I do so because I think, despite Herzog's disdain for observational cinema and his tendency to make knowing Werner Herzog is behind all this a top priority, his limited use of observational techniques here is more effective for their sharing time with his usual methods than they would as a total work in themselves.  Pan the camera across the walls, let us appreciate the paleolithic artwork, and it is all awe-inspiring, yes, but the context is so much more.  The paintings become more incredible when someone who knows what's up explains how we can trace the journey of one particular painter through the tunnels thanks to his crooked little finger, when we are given cause to deliberately contemplate the fragility of the calcite structures, when someone explains the limitations that prevent us from getting a full look at an angularly protruding stalactite with a union of woman and bull painted round its circumference.  To follow the archaeologists and art historians and geologists and even the strange perfumer fellow who's determined to find new caves by identifying their musk and following his nose is to gain necessary knowledge, place a specific idea behind WHY we find these images of hunts and wilds long extinct so compelling.  Equipped with this understanding, when we are finally left alone like Herzog and his crew in the furthest confines of the cave, with only these ancient paintings before our eyes, we are able to draw on that which we now know, consider them more fully, and feel our unnamed hypnotic compulsion to look and drink and be one with our ancestors coalesce into an informed sense of commonality.  For my part, knowing more about how they took advantage of the texture and contours of the cave walls sharpened my appreciation for how their tableaux takes on the appearance of a plain observed from a high place, certain features tangibly in the distance, others obscured by foliage and rock formations and the like.  It became a true window into another time, thanks to my learning how and possibly why it was made this way.

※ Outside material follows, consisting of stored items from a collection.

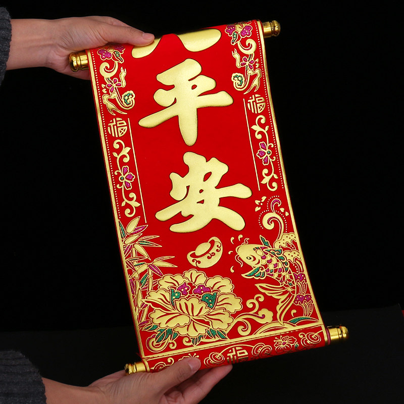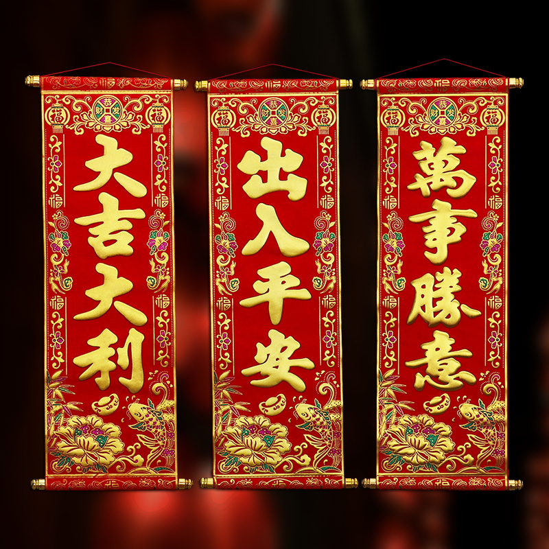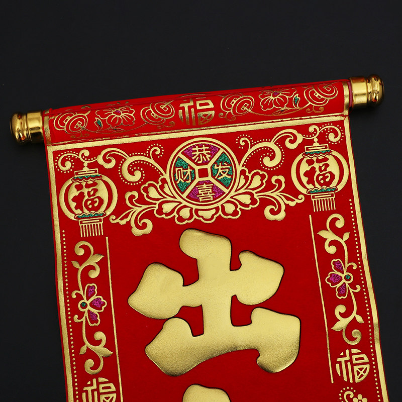 📚 2026新年春节绒布手持挥春生意兴隆对联珲春四字卷轴挂联表演道具
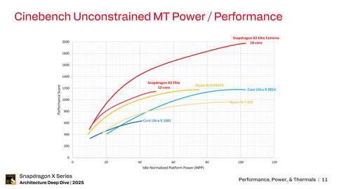 この中でQualcommは、Snapdragon X2 Eliteの熱設計やレファレンスデザインに関する情報、さらには9月のSnapdragon Summitでは公開されていなかったSnapdragon X2 Eliteの下位2モデル(X2E-88-100、X2E-80-100)のベンチマークデータなどを公開した。
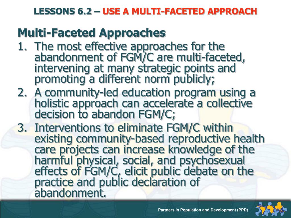 LESSONS 6.2 – USE A MULTI-FACETED APPROACH Multi-Faceted Approaches The most effective approaches for the abandonment of FGM/C are multi-faceted, intervening at many strategic points and promoting a different norm publicly; A community-led education program using a holistic approach can accelerate a collective decision to abandon FGM/C; Interventions to eliminate FGM/C within existing community-based reproductive health care projects can increase knowledge of the harmful physical, social, and psychosexual effects of FGM/C, elicit public debate on the practice and public declaration of abandonment.
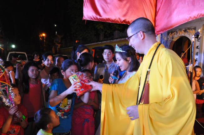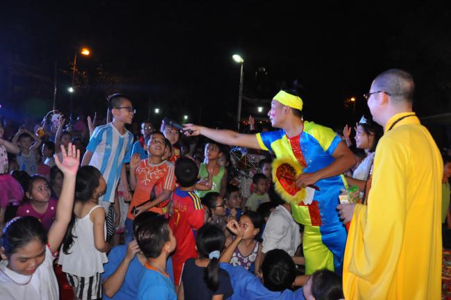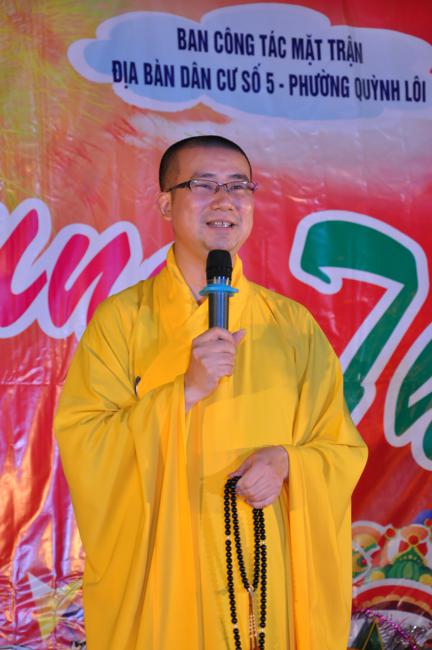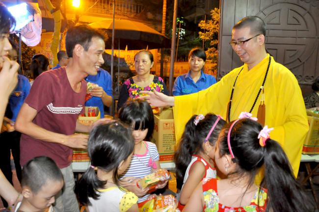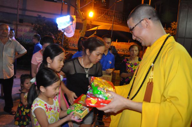 Sau đó, Đại đức trụ trì Thích Đạo Thông đã phát biểu khai mạc buổi lễ trong niềm hân hoan của các em thiếu niên nhi đồng. Đại đức nhấn mạnh hoạt động tổ chức trung thu cho các cháu, ngoài việc thể hiện tinh thần nhập thế của Đạo Phật, “phục vụ chúng sinh là thiết thực cúng dàng chư Phật”, cũng chính là vâng theo lời dạy của Đức Pháp Chủ TW GHPGVN là phải quan tâm hơn nữa tới thế hệ trẻ – những chủ nhân tương lai của đất nước. Trong nhiều năm qua, Đại đức luôn duy trì những hoạt động hướng tới lớp trẻ rất cụ thể và ý nghĩa như đón tết trung thu, quốc tế thiếu nhi 1-6…Các chương trình đều nhận được sự ủng hộ của các cấp chính quyền sở tại và các bậc phụ huynh, các em thiếu niên nhi đồng trên địa bàn phường Quỳnh Lôi nói riêng và quận Hai Bà Trưng nói chung. Nhân dịp này, Đại đức trụ trì cũng gửi lời chúc tới các em một mùa trung thu vui vẻ, tràn ngập niềm vui tiếng cười và mong các em sẽ ngày càng chăm ngoan và học giỏi để mai sau cống hiến cho quê hương, đất nước.

 My regular readers will note I constantly harp about purity of form when it comes to movies, dolling out greater praise for works that achieve in one particular manner to a sharpened peak.  While my aesthetic preferences will typically swing this way, it's important to note the equal strength found in a marriage between disciplines.  The tradition behind cinéma vérité, when coupled with a more usual form of heavy-handed, carefully guided documentation, can reveal untold truths about the subject when we finally do back off and look with nothing more than mechanical eyes.  With regards to the Chauvet cave and the paintings within, I wonder whether a more adamantly observational director, interested only in filming the walls, could have captured the same sense of compressed time Herzog manages here?  Learning as we do before our time with light against ancient paint and older stone grants the paintings a stronger sense of humanity, some more visible image of an early homo sapien crouched before their work, bringing it to life before our eyes as we puzzle out their thought processes, their intents, their dreams.  Would the cave speak so legible a tongue if presented on its own, or do we truly need all Herzog includes as a Rosetta stone?  Furthermore, could this explain why Herzog chooses to focus on the albino crocodiles in a nuclear power plant-dependent jungle enclosure several miles away?  After all, the crocodillians will not have any guides or experts to inform them about what the paintings could mean or why their creators chose to draw them, anymore than the tourists in Lascaux would in the days those paintings were open to a mold-breeding public.  In an artistic, anthropomorthized sense, when they see what we see, free from intellectual guidance, will they too dream of the horse on the open plain?

Do Crocodiles Dream of Wild Horses is the name of my new album, look for it on store shelves.